Exercise instructions —
A word-for-word copy of the data, pictures excluded, is what this task asks for.
(Beginning of The data)
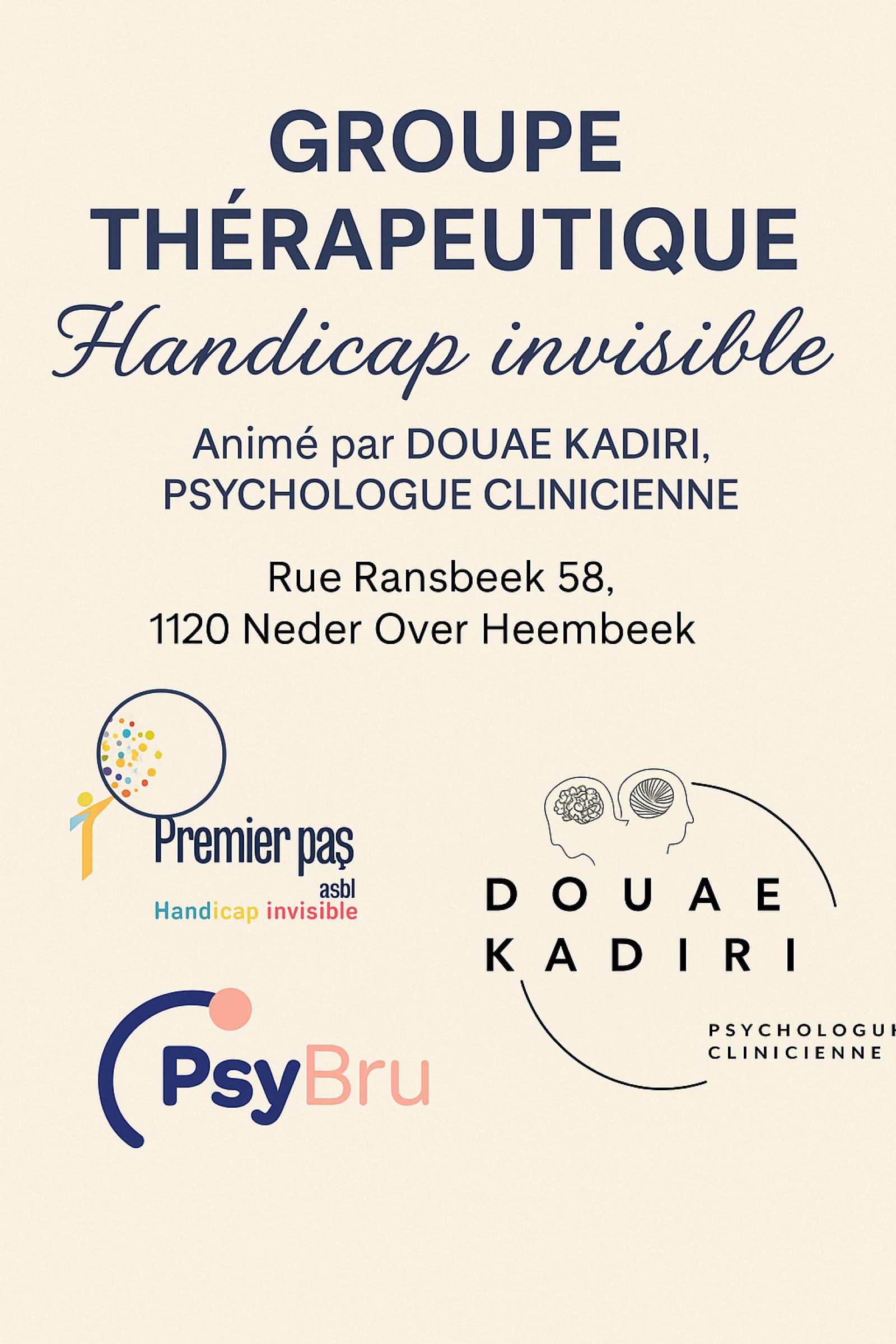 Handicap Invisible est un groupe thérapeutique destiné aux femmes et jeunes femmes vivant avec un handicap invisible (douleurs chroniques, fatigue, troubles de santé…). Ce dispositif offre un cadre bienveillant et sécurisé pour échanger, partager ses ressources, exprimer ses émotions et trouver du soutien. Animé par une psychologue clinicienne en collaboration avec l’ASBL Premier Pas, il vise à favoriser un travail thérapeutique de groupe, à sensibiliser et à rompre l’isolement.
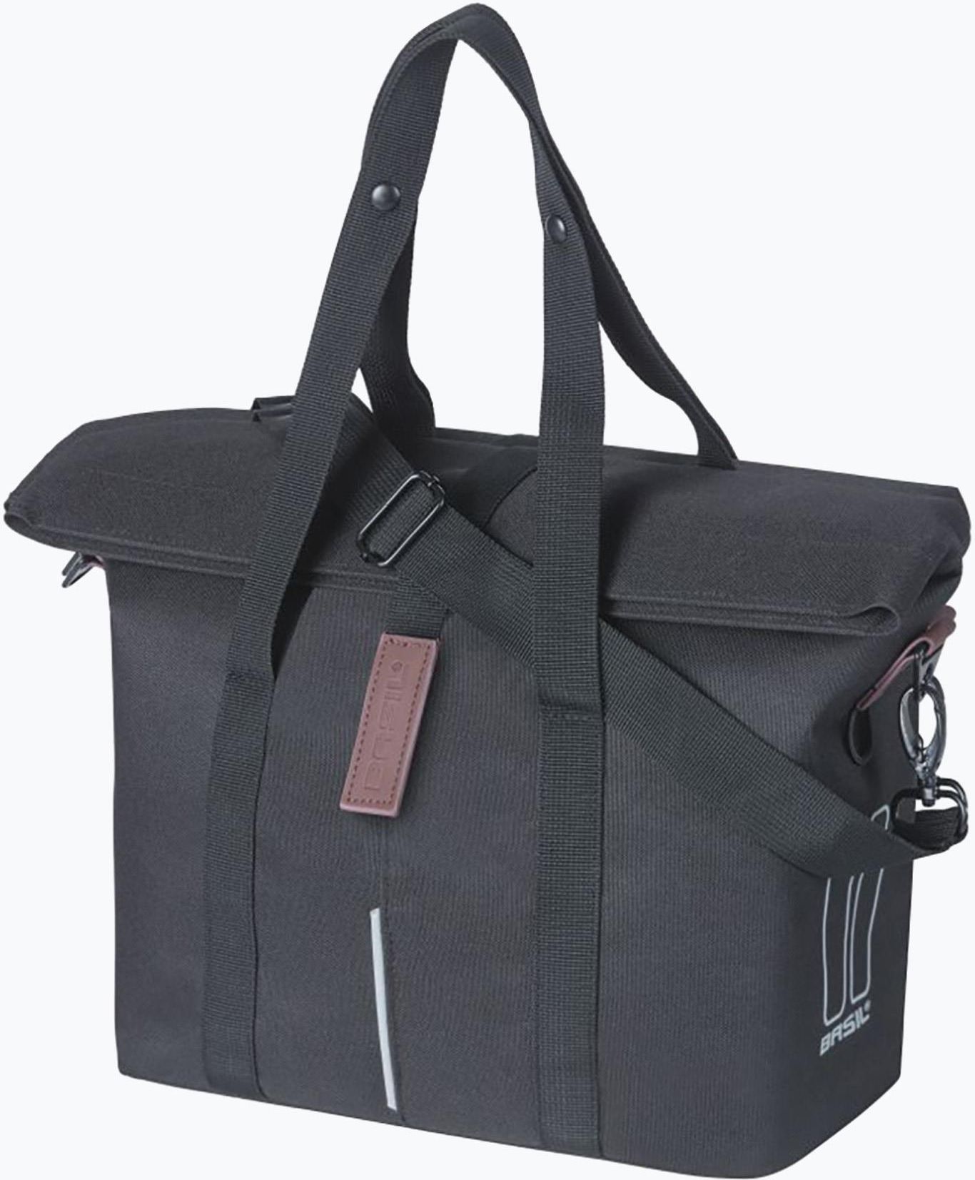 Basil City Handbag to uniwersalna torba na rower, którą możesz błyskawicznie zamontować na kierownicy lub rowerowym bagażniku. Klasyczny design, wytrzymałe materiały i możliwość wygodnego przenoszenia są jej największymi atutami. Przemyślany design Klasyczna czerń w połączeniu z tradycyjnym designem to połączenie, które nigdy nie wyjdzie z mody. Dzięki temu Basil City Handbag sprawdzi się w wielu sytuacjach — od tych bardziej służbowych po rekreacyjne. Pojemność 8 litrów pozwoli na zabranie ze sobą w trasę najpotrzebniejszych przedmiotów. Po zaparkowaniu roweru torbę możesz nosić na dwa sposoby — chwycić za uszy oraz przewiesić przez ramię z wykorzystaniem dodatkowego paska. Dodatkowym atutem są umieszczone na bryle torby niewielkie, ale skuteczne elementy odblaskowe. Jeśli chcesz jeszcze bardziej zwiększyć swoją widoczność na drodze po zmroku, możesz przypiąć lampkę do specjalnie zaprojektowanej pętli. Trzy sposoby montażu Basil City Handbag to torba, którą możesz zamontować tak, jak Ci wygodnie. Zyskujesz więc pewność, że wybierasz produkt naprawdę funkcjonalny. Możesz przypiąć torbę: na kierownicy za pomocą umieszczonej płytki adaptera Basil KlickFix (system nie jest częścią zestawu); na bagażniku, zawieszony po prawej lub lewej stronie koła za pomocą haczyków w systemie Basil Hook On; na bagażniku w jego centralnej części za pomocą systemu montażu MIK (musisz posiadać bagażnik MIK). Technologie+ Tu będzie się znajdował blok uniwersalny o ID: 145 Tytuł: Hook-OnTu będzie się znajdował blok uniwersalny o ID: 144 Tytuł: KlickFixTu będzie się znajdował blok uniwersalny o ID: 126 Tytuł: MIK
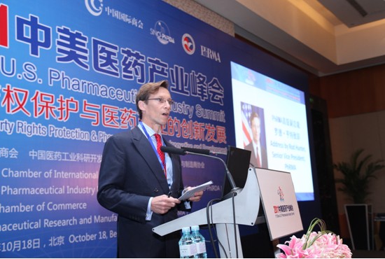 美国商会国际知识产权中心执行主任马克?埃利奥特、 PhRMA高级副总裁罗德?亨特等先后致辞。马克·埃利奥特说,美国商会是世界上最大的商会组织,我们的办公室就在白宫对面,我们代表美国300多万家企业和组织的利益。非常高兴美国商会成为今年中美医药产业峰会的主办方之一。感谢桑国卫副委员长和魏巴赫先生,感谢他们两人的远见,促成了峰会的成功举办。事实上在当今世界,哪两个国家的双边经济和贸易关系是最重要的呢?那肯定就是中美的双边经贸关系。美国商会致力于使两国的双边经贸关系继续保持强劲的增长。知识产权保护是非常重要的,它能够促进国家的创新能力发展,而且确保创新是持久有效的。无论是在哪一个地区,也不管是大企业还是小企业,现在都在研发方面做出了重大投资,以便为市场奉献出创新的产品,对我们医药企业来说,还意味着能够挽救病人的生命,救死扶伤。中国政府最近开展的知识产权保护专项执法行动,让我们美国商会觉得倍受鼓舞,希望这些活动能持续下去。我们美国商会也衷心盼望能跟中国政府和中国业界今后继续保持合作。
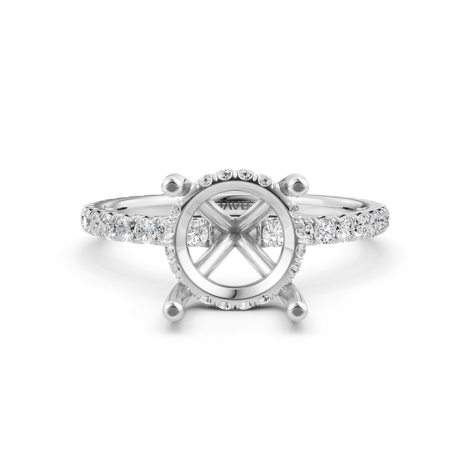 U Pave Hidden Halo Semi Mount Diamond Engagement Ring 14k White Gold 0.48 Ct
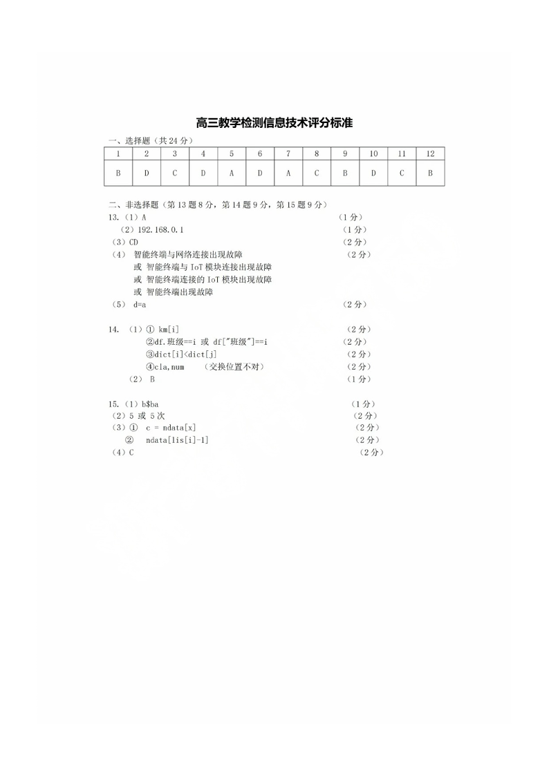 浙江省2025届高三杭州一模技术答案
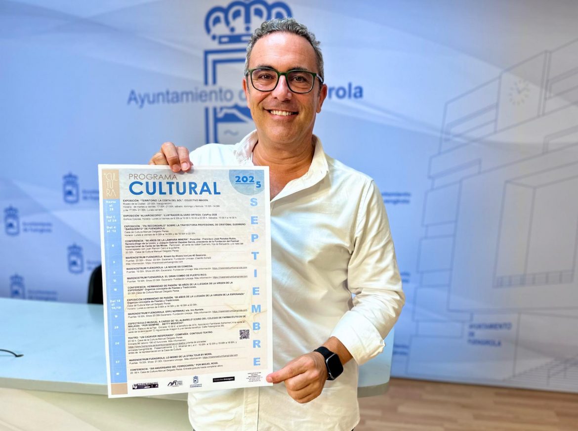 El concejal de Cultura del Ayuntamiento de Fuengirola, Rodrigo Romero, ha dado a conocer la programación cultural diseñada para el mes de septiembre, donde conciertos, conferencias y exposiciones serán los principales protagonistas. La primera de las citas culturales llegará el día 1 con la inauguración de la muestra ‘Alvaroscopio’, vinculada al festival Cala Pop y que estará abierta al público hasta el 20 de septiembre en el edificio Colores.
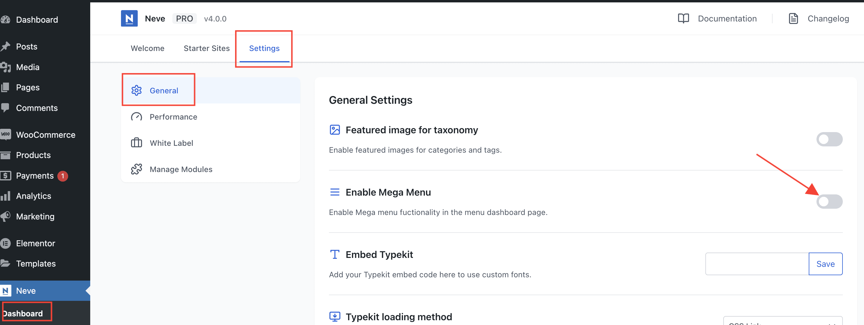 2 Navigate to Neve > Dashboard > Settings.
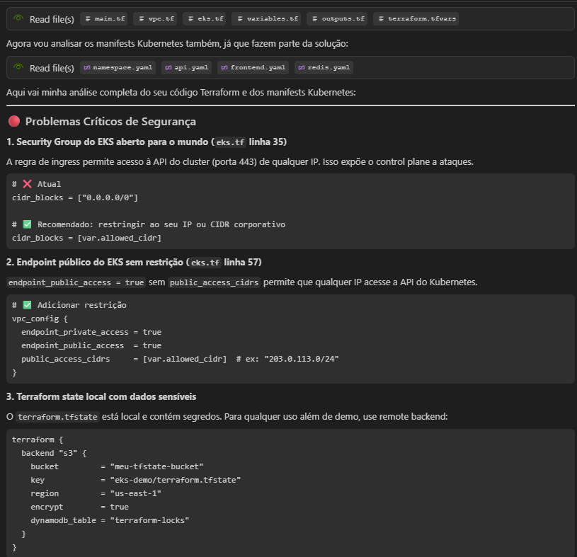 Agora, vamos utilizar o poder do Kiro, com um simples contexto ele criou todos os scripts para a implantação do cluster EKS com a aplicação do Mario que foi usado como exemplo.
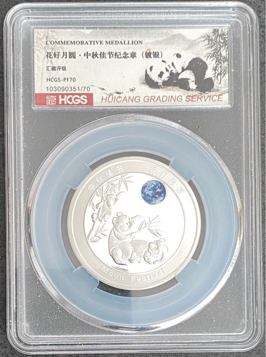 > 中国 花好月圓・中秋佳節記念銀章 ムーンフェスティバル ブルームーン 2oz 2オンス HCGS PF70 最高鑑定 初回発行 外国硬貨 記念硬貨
(End of The data)
Reply to the exercise —
 Handicap Invisible est un groupe thérapeutique destiné aux femmes et jeunes femmes vivant avec un handicap invisible (douleurs chroniques, fatigue, troubles de santé…). Ce dispositif offre un cadre bienveillant et sécurisé pour échanger, partager ses ressources, exprimer ses émotions et trouver du soutien. Animé par une psychologue clinicienne en collaboration avec l’ASBL Premier Pas, il vise à favoriser un travail thérapeutique de groupe, à sensibiliser et à rompre l’isolement.
 Basil City Handbag to uniwersalna torba na rower, którą możesz błyskawicznie zamontować na kierownicy lub rowerowym bagażniku. Klasyczny design, wytrzymałe materiały i możliwość wygodnego przenoszenia są jej największymi atutami. Przemyślany design Klasyczna czerń w połączeniu z tradycyjnym designem to połączenie, które nigdy nie wyjdzie z mody. Dzięki temu Basil City Handbag sprawdzi się w wielu sytuacjach — od tych bardziej służbowych po rekreacyjne. Pojemność 8 litrów pozwoli na zabranie ze sobą w trasę najpotrzebniejszych przedmiotów. Po zaparkowaniu roweru torbę możesz nosić na dwa sposoby — chwycić za uszy oraz przewiesić przez ramię z wykorzystaniem dodatkowego paska. Dodatkowym atutem są umieszczone na bryle torby niewielkie, ale skuteczne elementy odblaskowe. Jeśli chcesz jeszcze bardziej zwiększyć swoją widoczność na drodze po zmroku, możesz przypiąć lampkę do specjalnie zaprojektowanej pętli. Trzy sposoby montażu Basil City Handbag to torba, którą możesz zamontować tak, jak Ci wygodnie. Zyskujesz więc pewność, że wybierasz produkt naprawdę funkcjonalny. Możesz przypiąć torbę: na kierownicy za pomocą umieszczonej płytki adaptera Basil KlickFix (system nie jest częścią zestawu); na bagażniku, zawieszony po prawej lub lewej stronie koła za pomocą haczyków w systemie Basil Hook On; na bagażniku w jego centralnej części za pomocą systemu montażu MIK (musisz posiadać bagażnik MIK). Technologie+ Tu będzie się znajdował blok uniwersalny o ID: 145 Tytuł: Hook-OnTu będzie się znajdował blok uniwersalny o ID: 144 Tytuł: KlickFixTu będzie się znajdował blok uniwersalny o ID: 126 Tytuł: MIK
 美国商会国际知识产权中心执行主任马克?埃利奥特、 PhRMA高级副总裁罗德?亨特等先后致辞。马克·埃利奥特说,美国商会是世界上最大的商会组织,我们的办公室就在白宫对面,我们代表美国300多万家企业和组织的利益。非常高兴美国商会成为今年中美医药产业峰会的主办方之一。感谢桑国卫副委员长和魏巴赫先生,感谢他们两人的远见,促成了峰会的成功举办。事实上在当今世界,哪两个国家的双边经济和贸易关系是最重要的呢?那肯定就是中美的双边经贸关系。美国商会致力于使两国的双边经贸关系继续保持强劲的增长。知识产权保护是非常重要的,它能够促进国家的创新能力发展,而且确保创新是持久有效的。无论是在哪一个地区,也不管是大企业还是小企业,现在都在研发方面做出了重大投资,以便为市场奉献出创新的产品,对我们医药企业来说,还意味着能够挽救病人的生命,救死扶伤。中国政府最近开展的知识产权保护专项执法行动,让我们美国商会觉得倍受鼓舞,希望这些活动能持续下去。我们美国商会也衷心盼望能跟中国政府和中国业界今后继续保持合作。
 U Pave Hidden Halo Semi Mount Diamond Engagement Ring 14k White Gold 0.48 Ct
 浙江省2025届高三杭州一模技术答案
 El concejal de Cultura del Ayuntamiento de Fuengirola, Rodrigo Romero, ha dado a conocer la programación cultural diseñada para el mes de septiembre, donde conciertos, conferencias y exposiciones serán los principales protagonistas. La primera de las citas culturales llegará el día 1 con la inauguración de la muestra ‘Alvaroscopio’, vinculada al festival Cala Pop y que estará abierta al público hasta el 20 de septiembre en el edificio Colores.
 2 Navigate to Neve > Dashboard > Settings.
 Agora, vamos utilizar o poder do Kiro, com um simples contexto ele criou todos os scripts para a implantação do cluster EKS com a aplicação do Mario que foi usado como exemplo.
 > 中国 花好月圓・中秋佳節記念銀章 ムーンフェスティバル ブルームーン 2oz 2オンス HCGS PF70 最高鑑定 初回発行 外国硬貨 記念硬貨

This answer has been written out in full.